■ **ABOUT THIS EXERCISE**:
Pictures left aside, return the lines below exactly, from the one with "Fekete holdkő ásvány" to the end, including both ends.

■ **SUPPLIED INFORMATION**:
▬▬▬

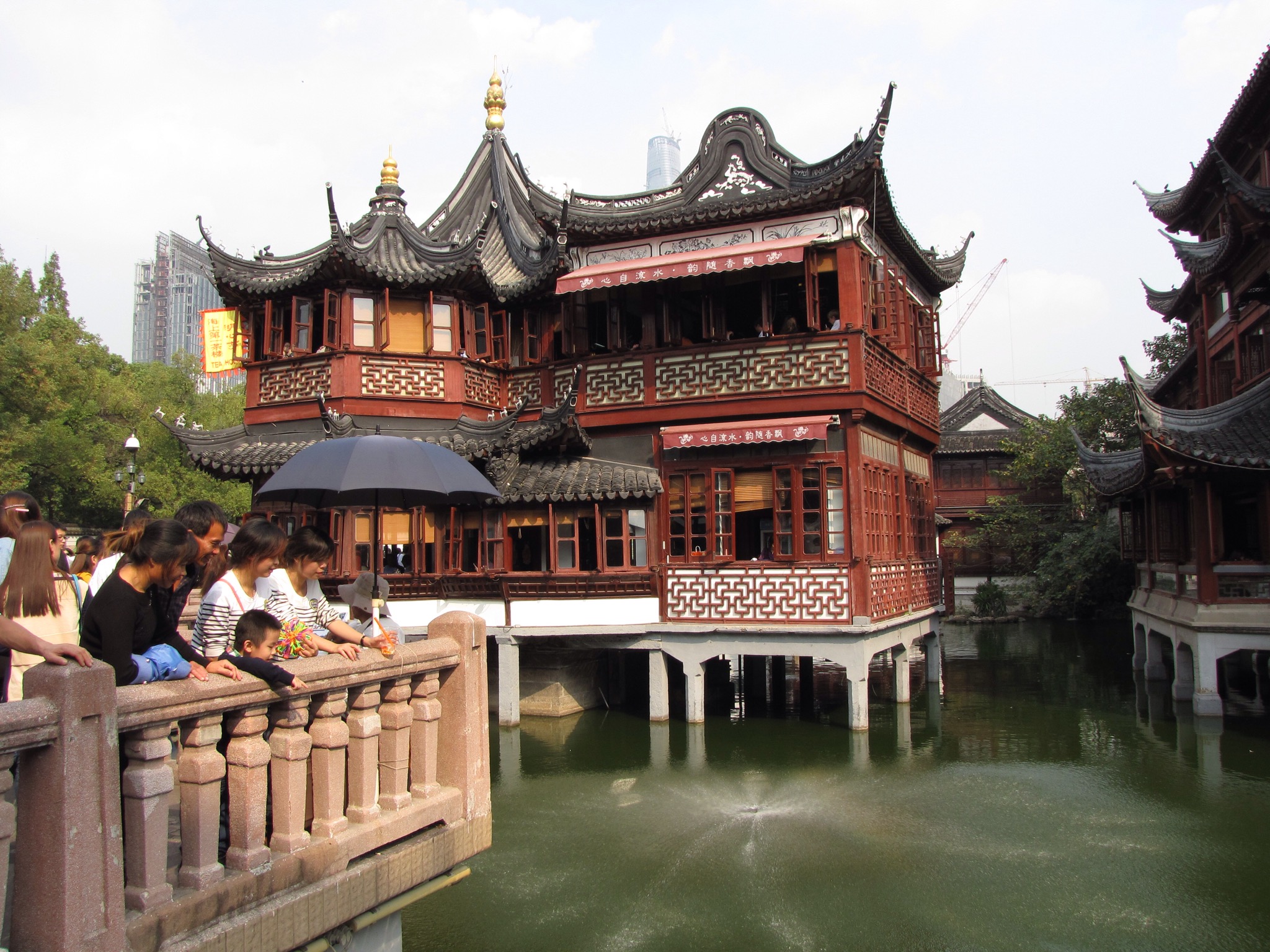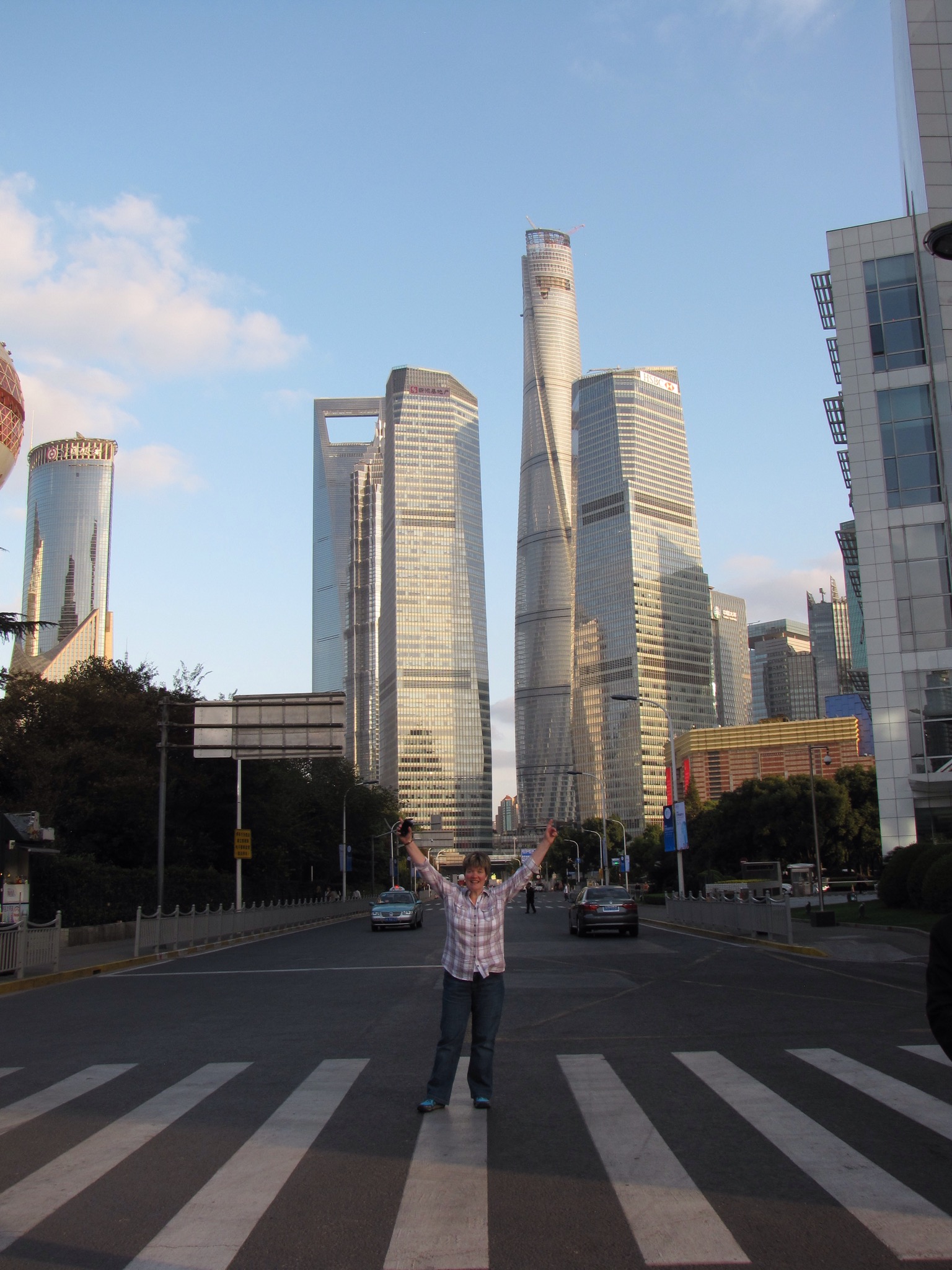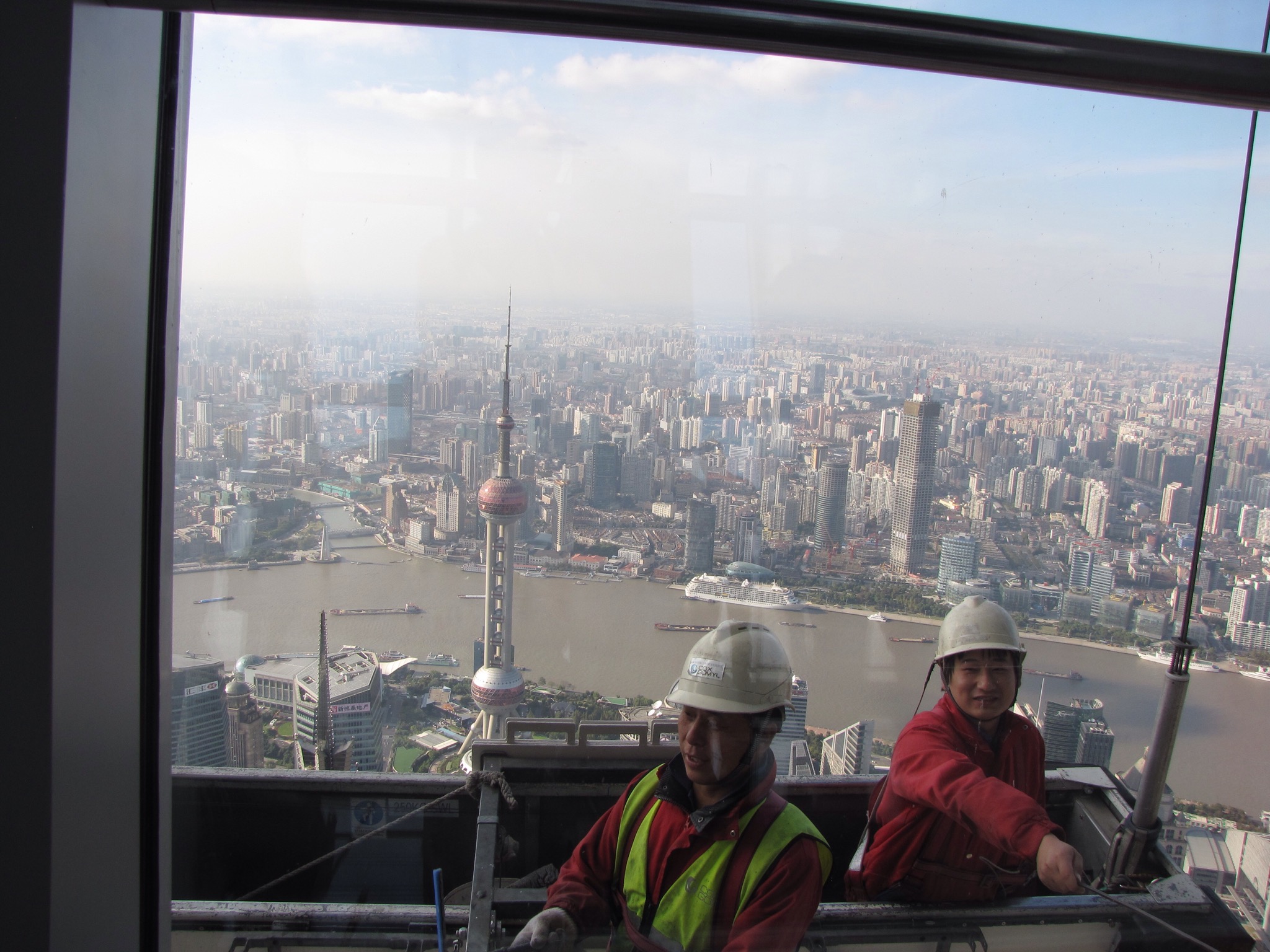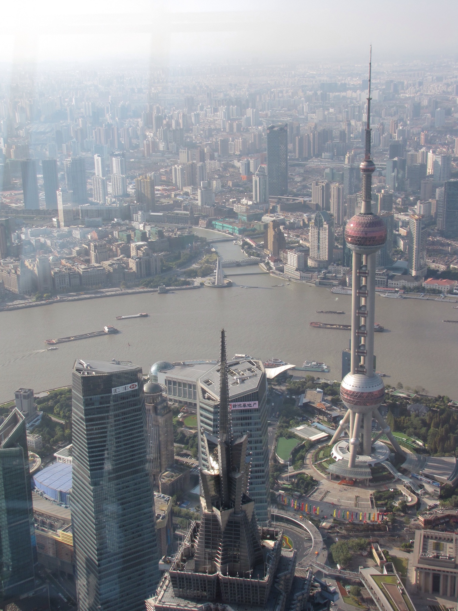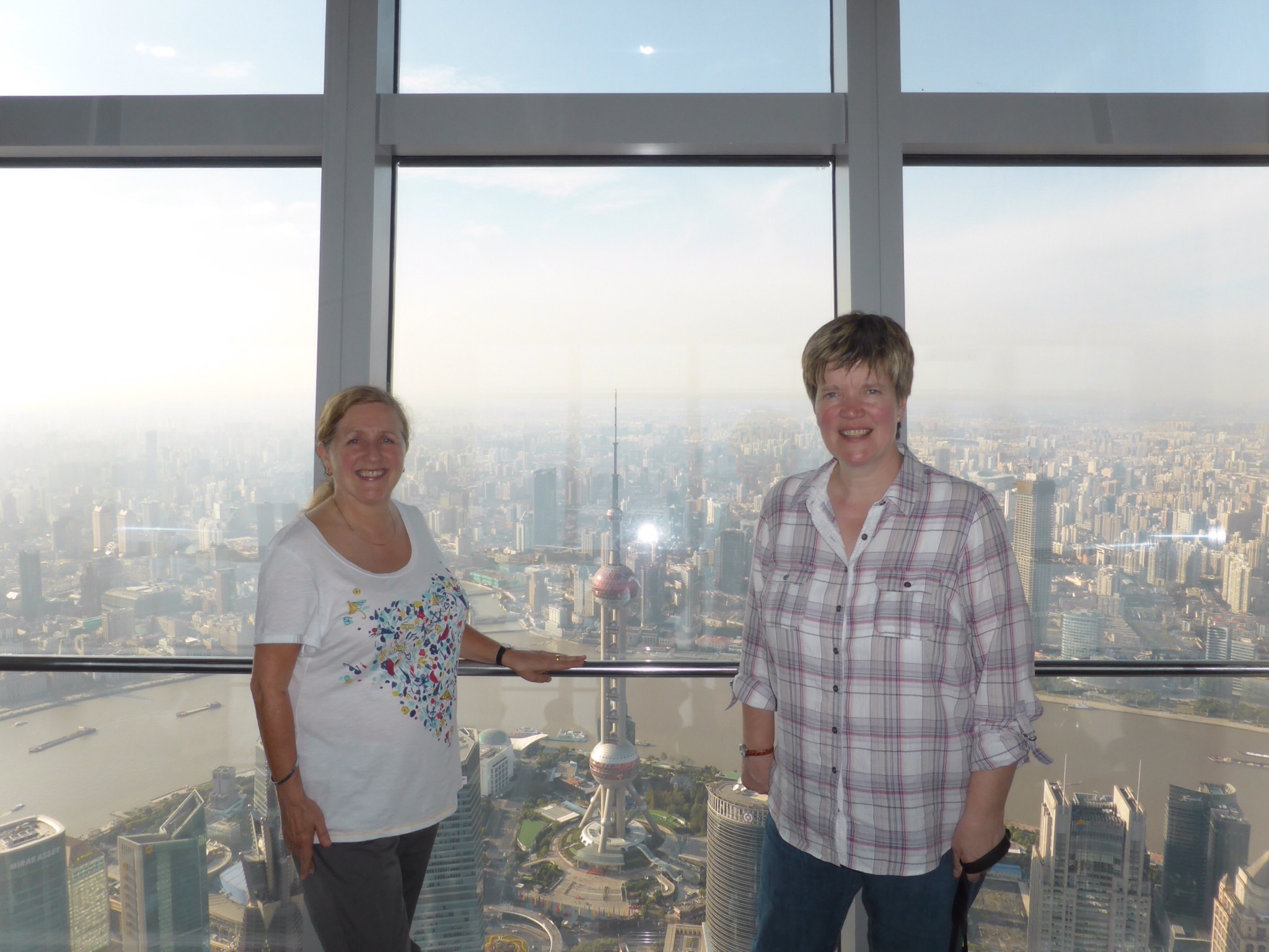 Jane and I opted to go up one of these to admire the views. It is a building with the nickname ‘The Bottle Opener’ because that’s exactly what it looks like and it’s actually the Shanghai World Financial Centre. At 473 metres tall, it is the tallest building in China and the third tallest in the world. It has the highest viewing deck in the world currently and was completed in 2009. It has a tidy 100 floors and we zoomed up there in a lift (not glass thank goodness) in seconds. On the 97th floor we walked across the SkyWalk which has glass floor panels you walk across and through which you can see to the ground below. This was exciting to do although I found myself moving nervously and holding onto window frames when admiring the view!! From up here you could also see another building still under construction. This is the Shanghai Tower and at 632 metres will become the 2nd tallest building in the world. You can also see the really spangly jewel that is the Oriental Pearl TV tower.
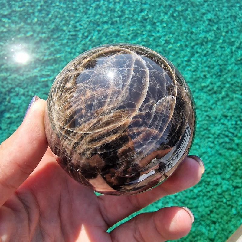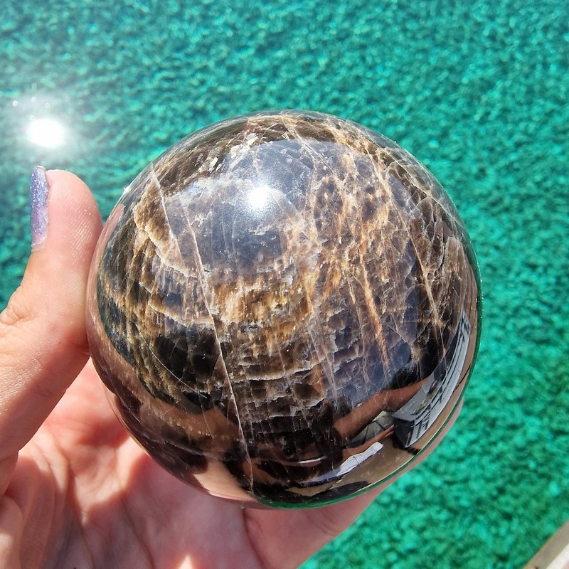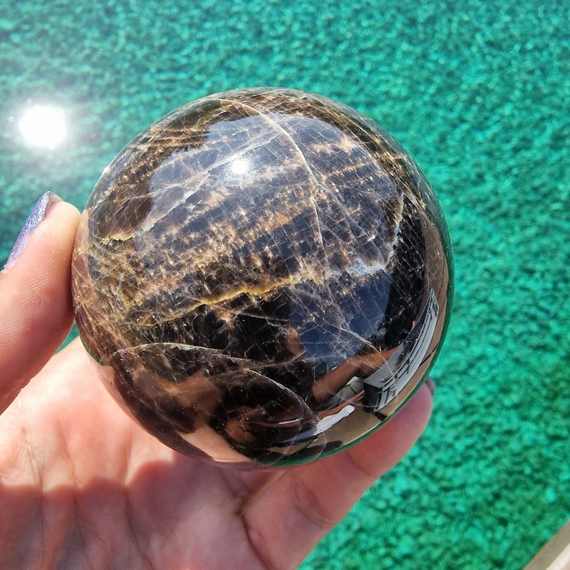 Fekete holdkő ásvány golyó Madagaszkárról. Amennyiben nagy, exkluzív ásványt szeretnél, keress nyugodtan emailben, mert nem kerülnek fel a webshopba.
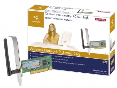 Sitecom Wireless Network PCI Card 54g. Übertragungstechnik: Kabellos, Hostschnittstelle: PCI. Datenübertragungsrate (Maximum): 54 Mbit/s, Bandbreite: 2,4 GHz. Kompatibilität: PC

▬▬▬

■ **WRITTEN SOLUTION**:
 Fekete holdkő ásvány golyó Madagaszkárról. Amennyiben nagy, exkluzív ásványt szeretnél, keress nyugodtan emailben, mert nem kerülnek fel a webshopba.
 Sitecom Wireless Network PCI Card 54g. Übertragungstechnik: Kabellos, Hostschnittstelle: PCI. Datenübertragungsrate (Maximum): 54 Mbit/s, Bandbreite: 2,4 GHz. Kompatibilität: PC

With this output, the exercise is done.